3 minute read
ATTACHMENT STYLES
Natalie Asayag, MSW, LCSW OWNER, RENEW WELLNESS & PSYCHOTHERAPY renewwellnesspsychotherapy.com
Attachment styles are all over pop culture right now: anxious, avoidant, secure. Have you diagnosed yourself yet? This psychological theory is a powerful tool in assessing where our relational patterns come from and how we can improve them.
Natalie Asayag, MSW, LCSW, owner of Renew Wellness & Psychotherapy in Easton, has the basics for what attachment theory is and the role it plays in our lives.
Latent Lessons
We’re all born with an attachment system, our way of relating to others. We can’t turn off our attachment system—it’s constantly at work in romantic, platonic and even professional relationships. “Attachment theory explores how early childhood emotional attachment with our primary caregivers wires that system to connect with others in adulthood,” Asayag says.
It’s these first relationships that lay the groundwork for how we try to get our emotional needs met and connect with others. Ideally, what we learn is to feel safe giving and expecting clear communication of needs—in other words, secure.
Secure Attachment
If our emotional needs are generally fulfilled and not met with shame from caregivers, we’ll develop primarily that ideal secure attachment style. The percentage of the population enjoying a secure attachment style is around 65 percent.
“No one is just one attachment style,” Asayag notes. “They exist on a spectrum. Someone might be 75 percent secure and 25 percent anxious. Some psychologists believe there’s a primary style and then a secondary.”
Insecure Attachment
When primary caregivers aren’t able to consistently meet a child’s emotional needs, that teaches some sad and difficult relational lessons, which can manifest in these insecure attachment styles.
Anxious Attachment
Caregivers who are inconsistent, project their needs onto their children, and/or use them to meet their own emotional needs can engender an anxious attachment style.
“The kid craves connection,” Asayag says, “but having it only sometimes leads to low self-worth.”
In adulthood, someone with a predominantly anxious attachment style might find themselves labeled as clingy or needy, feel they need to sacrifice their own needs to tend to their partner, and struggle to communicate those needs while getting frustrated that their minds aren’t being read. “They can be too afraid of rejection to make their needs known,” Asayag says.
Those with anxious attachment benefit from a well-rounded life. The more they focus on building up their own friends and hobbies, and learn to self-soothe, the better they’ll be able to feel healthy in a relationship.
Avoidant Attachment
Avoidant, or dismissive-avoidant, attachment style comes from a caregiver who rarely met the child’s emotional needs. “They learn it’s safer to avoid attaching to others because they’re used to being shut down or dismissed,” Asayag says.
In adulthood, they may focus on the sexual element, fortifications of logic or a busy schedule to keep feelings buried. Their attachment system believes that emotional intimacy leads to rejection. They’re quick to write others off, annoyed by a partner’s emotional needs and afraid of feeling trapped.

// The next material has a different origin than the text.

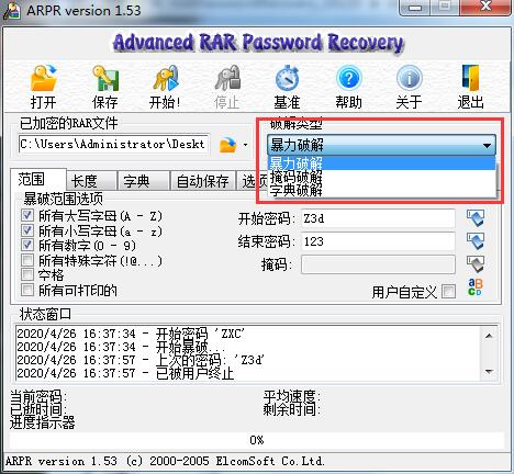 全自動儲存密碼恢復情況,便于客戶在忽然終止或奔潰后能夠恢復WinRAR密碼過程。
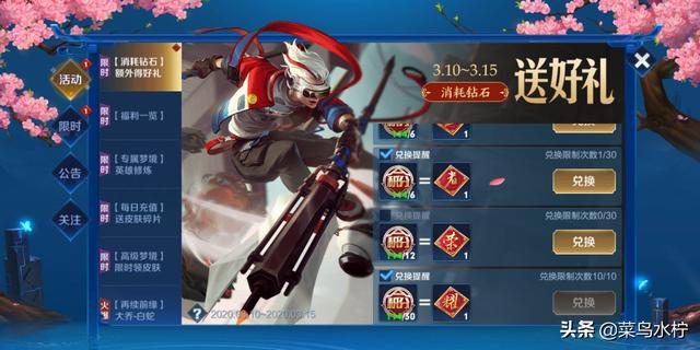 王者荣耀在3月10号的时候进行了一次更新,上线了很多活动,其中一个老玩家都比较喜欢的“钻石消耗活动”也是再次出现在了大家的面前。

Those with an avoidant style can benefit by identifying people they can learn to be vulnerable with and also learning how to articulate their need for space without just ghosting when triggered.
Disorganized Attachment
For these individuals, trauma may have been a part of childhood, with one or both caregivers a source of distress rather than security. “Not allowed to have feelings, and not safe,” Asayag says, “they’re unable to build a strong sense of self and trust other people.”
“It’s a hard style to change,” Asayag says, “and one I see only rarely, but they can benefit from self-compassion, healthy boundaries and learning to notice when they’re pushing people away.”
Interacting Styles
Anxious and avoidant style people can find themselves drawn to each other because the anxious is wired to try to meet the needs of an inconsistent partner and the avoidant craves the attention the anxious offers—up to a point.
Learning about our attachment styles and triggers, and how they might be playing into our relationships, can help with understanding each other’s needs and setting good boundaries to get those needs met together without falling into comfortably familiar yet toxic patterns.
“It takes a lot of hard work and vulnerability,” Asayag says, “but it’s so cool that our attachment styles and system can be rewired. Life just becomes so much more grounded, safe and intimate when we do work towards that more secure type.”
It’s so cool that our attachment styles and system can be rewired.
Therapy Helps
“You don’t have to be in therapy to build towards a secure attachment style,” Asayag says, “but it’s so helpful to have that support and perspective.”
Adjusting emotional habits that we believe have been keeping us safe can be hard and scary, and a therapist can help give clarity and provide a sense of safety.
“People can also heal in their attachment styles with a secure person,” Asayag says. “Because wounds happen in a relationship, healing happens in a relationship.”